The high temperature rating means that it is possible to stay fully enclosed in this lightweight bag on a warm summer night and not overheat, something that could not be said for the Patagonia 850 which has a very similar half-zipper hooded design, but are far warmer. The Spark I is still limited by the fact that it can't be used on very cold nights, although we felt that it had enough room to layer up a bit to stretch the range slightly. For those who like the design of the Spark I but simply need more warmth, Sea to Summit also makes a Spark II and Spark III, which have the same design but use more insulation. They are rated to an EN standard lower limit of 35F and 25F respectively (the Spark I has a 46F lower limit rating).
When it comes to features, there isn't much to talk about on the Spark I. As we already mentioned, it has a short left hand side zipper that is only half-length, and there is a draw cord at the side of the collar that tightens up the collar and around the hood. In order to keep the weight down and the design simple, Sea to Summit didn't add anything else.
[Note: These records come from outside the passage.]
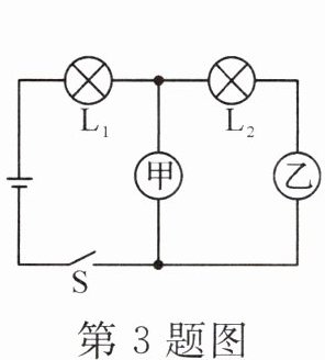3. 如图所示,当开关S闭合后,要使两只灯泡L₁和L₂均发光,甲表是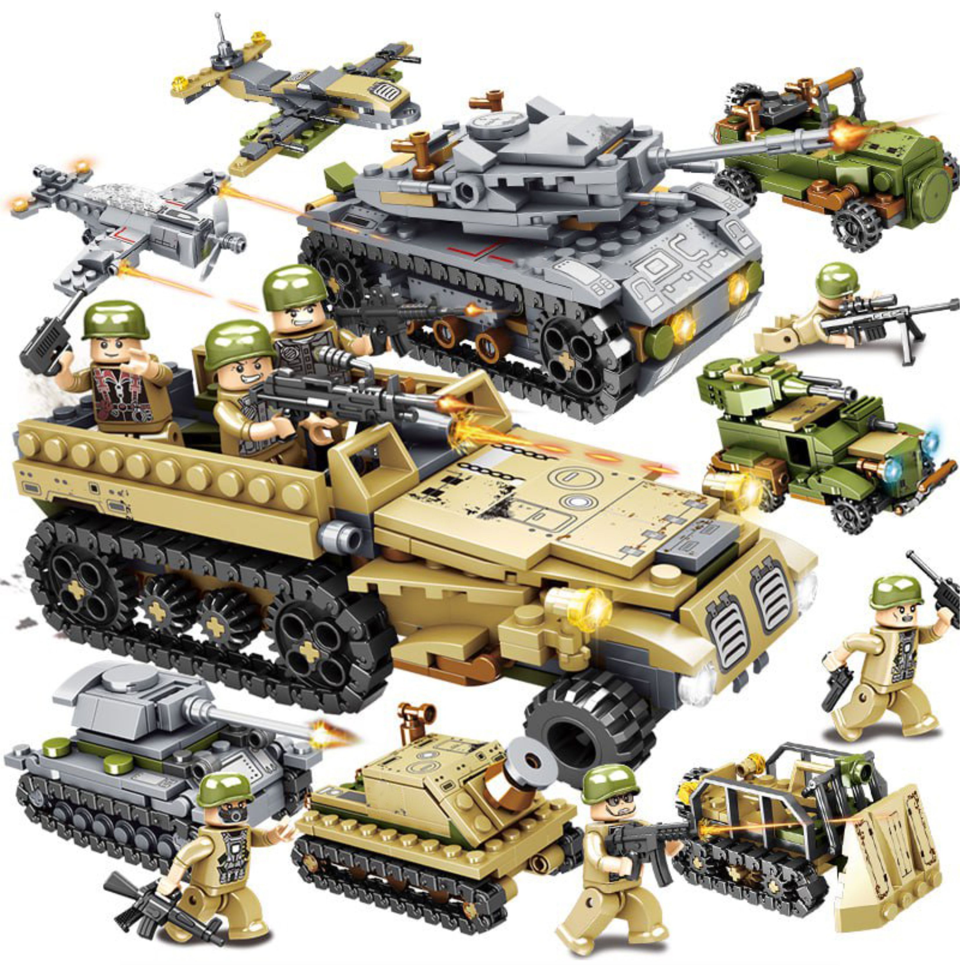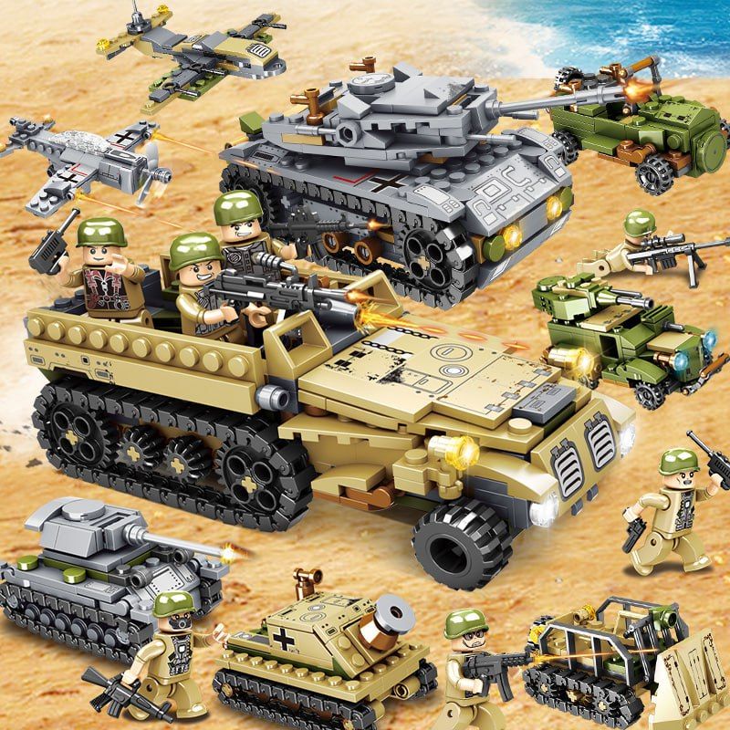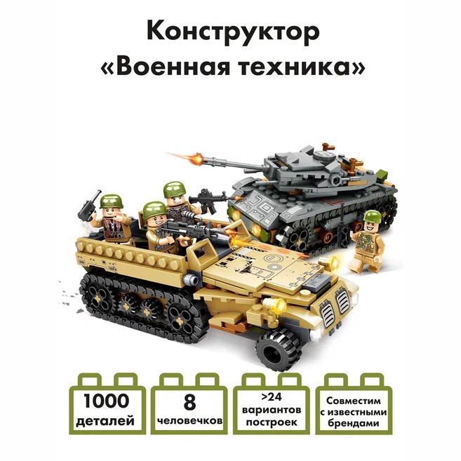 Описание: Конструктор детский, военный набор с человечками.1000 деталей и 8 человечков в комплекте.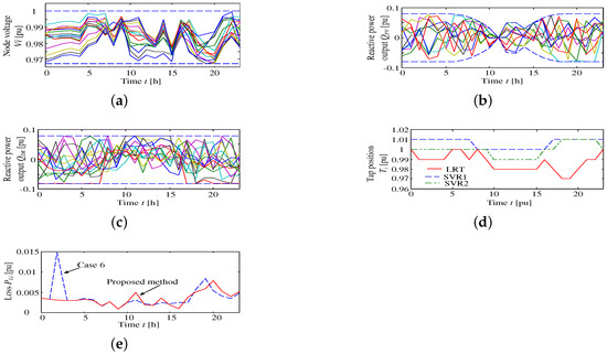 Equation (6) represents the minimization of distribution losses as a function of BESS active and reactive powers, photovoltaic reactive power, home BESS reactive power and LRT and SVR tap positions, respectively. This objective function is used for all cases and all operation modes.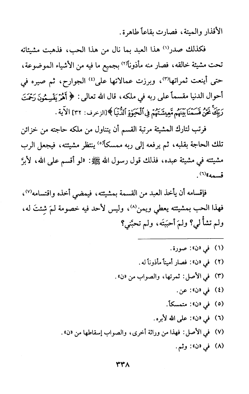 فكذلك صدر هذا العبد بما نال من هذا الحب، فذهبت مشيئاته تحت مشيئة خالقه، فصار منه مأذوناً بجميع ما فيه من الأشياء الموضوعة، حتى أينعت ثمراتها، وبرزت عمالاتها على الجوارح، ثم صيره في أحوال الدنيا مقسماً على ربه في ملكه، قال الله تعالى: {أهم يقسمون رحمت ربك نحن قسمنا بينهم معيشتهم في الحياة الدنيا} الآية.

With very few features, the important thing is that they function well. Despite being short, the zipper is smooth as butter and didn't seem to have the tendency to catch on the fabric, like we found to be happening on the Patagonia 850. The draw cord for the hood and collar works just fine, although there is no padded neck baffle to help block cold air from entering through this face hole. All in all, a simple design fairly well executed.
A savvy owner of the Sea to Summit Spark I could find innumerable instances to use it. Ones that come to our mind are backpacking, fastpacking, bike packing, bike touring, adventure racing, summer time alpine climbing, and traveling. Of course, warm weather water trips are not exempt either, like canoeing, sea kayaking, or even river kayaking or rafting. The only real limitation to this bag is the temperature range where it will be comfortable to use, but if you like the design and want something warmer, there are two more insulated options available as well.
The Spark I retails for $299, which puts it on the lower end of average for this review. While you are certainly not purchasing a whole lot of feathers with that money, you are buying an innovative design that is unlike any other mummy bag we tested. For those who know they can use it, this bag is well worth the money. For those looking for a wider range of use than simply a pure summer bag, we don't think you should spend your money here.
The Sea to Summit Spark I is the lightest and smallest sleeping bag in our review. It is so uniquely small when stuffed into its compression sack that we had to recognize it with our Top Pick award for Insane Packability. Anyone who has an adventure in mind where having the smallest and lightest gear is critical to success should check this bag out.